**Work request**
Exact reproduction required: the lines below from the line with "Wicked — poster" to the line with "Read your selected", both ends included, and no others.

**Available records**
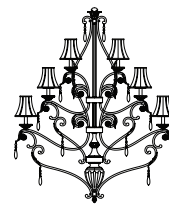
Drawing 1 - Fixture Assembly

* * *

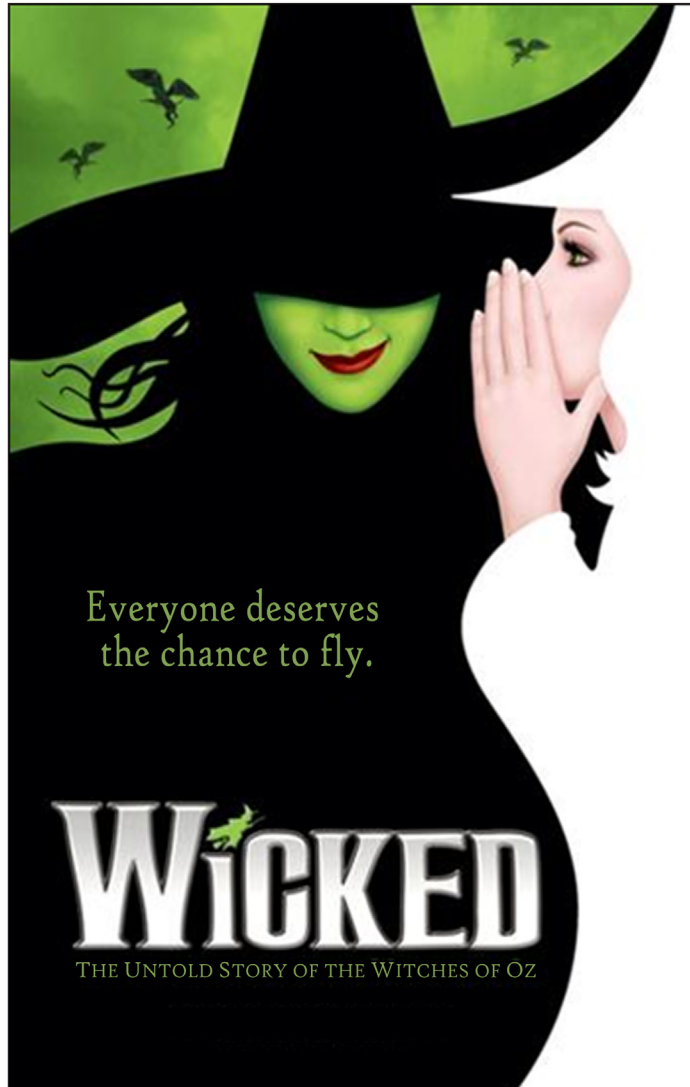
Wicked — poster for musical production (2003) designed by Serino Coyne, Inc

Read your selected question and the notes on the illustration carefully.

**Task response**
Wicked — poster for musical production (2003) designed by Serino Coyne, Inc

Read your selected question and the notes on the illustration carefully.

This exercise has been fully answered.